● **What you need to do**
Reproduce the material below only from the line with "Tuy nhiên, điểm" to the line with "Cu diverse forme", both included, keeping each line exact and dropping the pictures.

START Records for processing

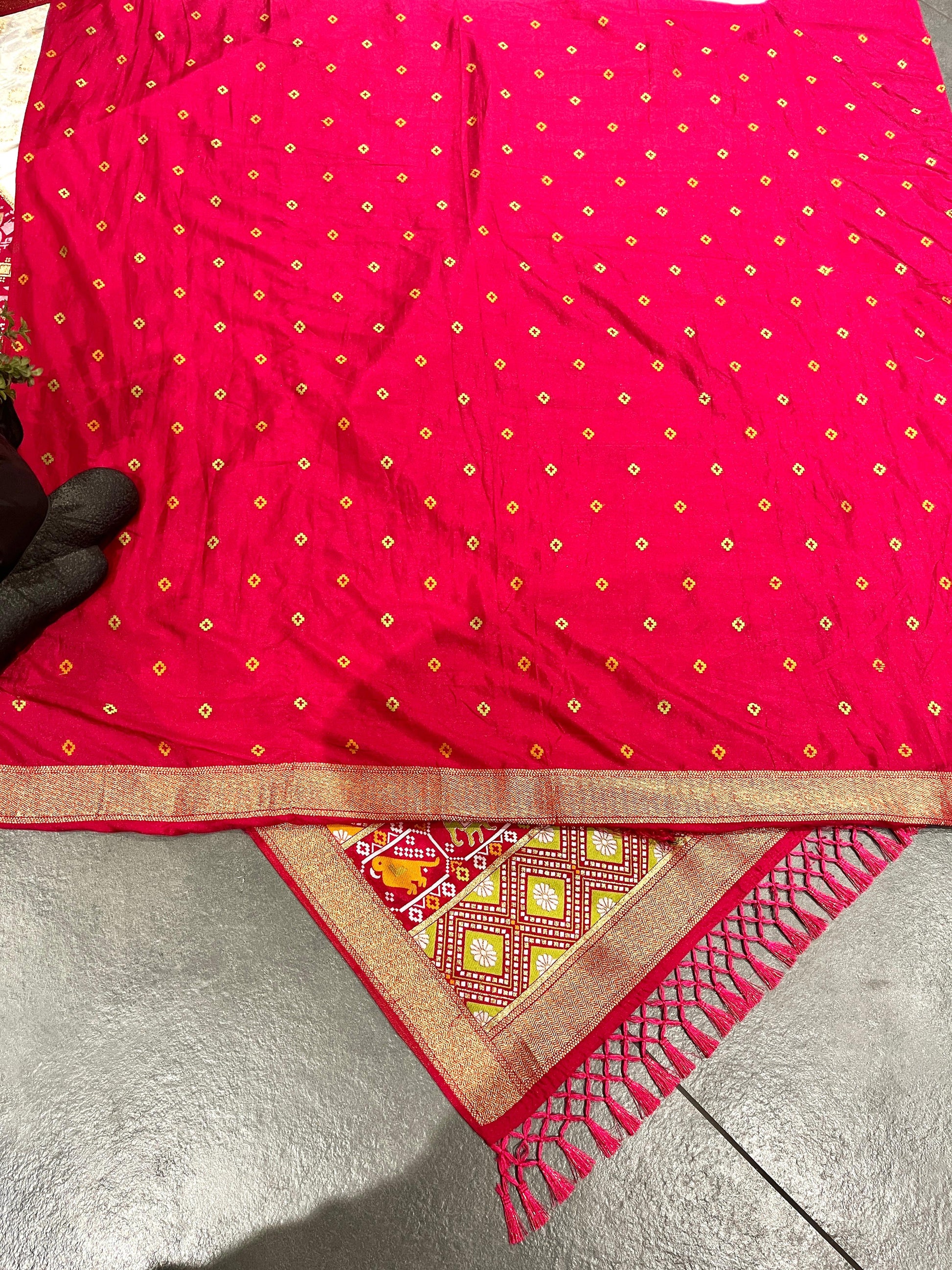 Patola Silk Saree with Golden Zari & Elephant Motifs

END Records for processing
START Records for processing

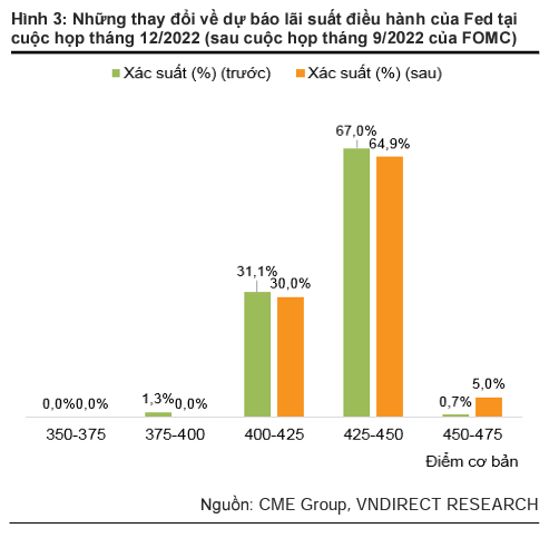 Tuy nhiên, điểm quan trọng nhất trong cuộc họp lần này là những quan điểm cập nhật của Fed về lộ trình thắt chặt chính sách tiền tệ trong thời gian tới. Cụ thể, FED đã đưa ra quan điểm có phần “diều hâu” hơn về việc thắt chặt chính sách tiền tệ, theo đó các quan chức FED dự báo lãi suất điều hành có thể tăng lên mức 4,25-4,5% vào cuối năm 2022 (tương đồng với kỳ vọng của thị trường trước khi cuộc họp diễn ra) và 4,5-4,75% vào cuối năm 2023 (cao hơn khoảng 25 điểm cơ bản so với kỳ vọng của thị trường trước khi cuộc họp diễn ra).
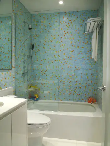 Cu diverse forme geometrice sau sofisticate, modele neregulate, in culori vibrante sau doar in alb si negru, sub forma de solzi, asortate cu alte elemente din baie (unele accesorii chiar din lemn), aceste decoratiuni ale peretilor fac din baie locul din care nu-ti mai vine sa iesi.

END Records for processing

● **Completed task**
 Tuy nhiên, điểm quan trọng nhất trong cuộc họp lần này là những quan điểm cập nhật của Fed về lộ trình thắt chặt chính sách tiền tệ trong thời gian tới. Cụ thể, FED đã đưa ra quan điểm có phần “diều hâu” hơn về việc thắt chặt chính sách tiền tệ, theo đó các quan chức FED dự báo lãi suất điều hành có thể tăng lên mức 4,25-4,5% vào cuối năm 2022 (tương đồng với kỳ vọng của thị trường trước khi cuộc họp diễn ra) và 4,5-4,75% vào cuối năm 2023 (cao hơn khoảng 25 điểm cơ bản so với kỳ vọng của thị trường trước khi cuộc họp diễn ra).
 Cu diverse forme geometrice sau sofisticate, modele neregulate, in culori vibrante sau doar in alb si negru, sub forma de solzi, asortate cu alte elemente din baie (unele accesorii chiar din lemn), aceste decoratiuni ale peretilor fac din baie locul din care nu-ti mai vine sa iesi.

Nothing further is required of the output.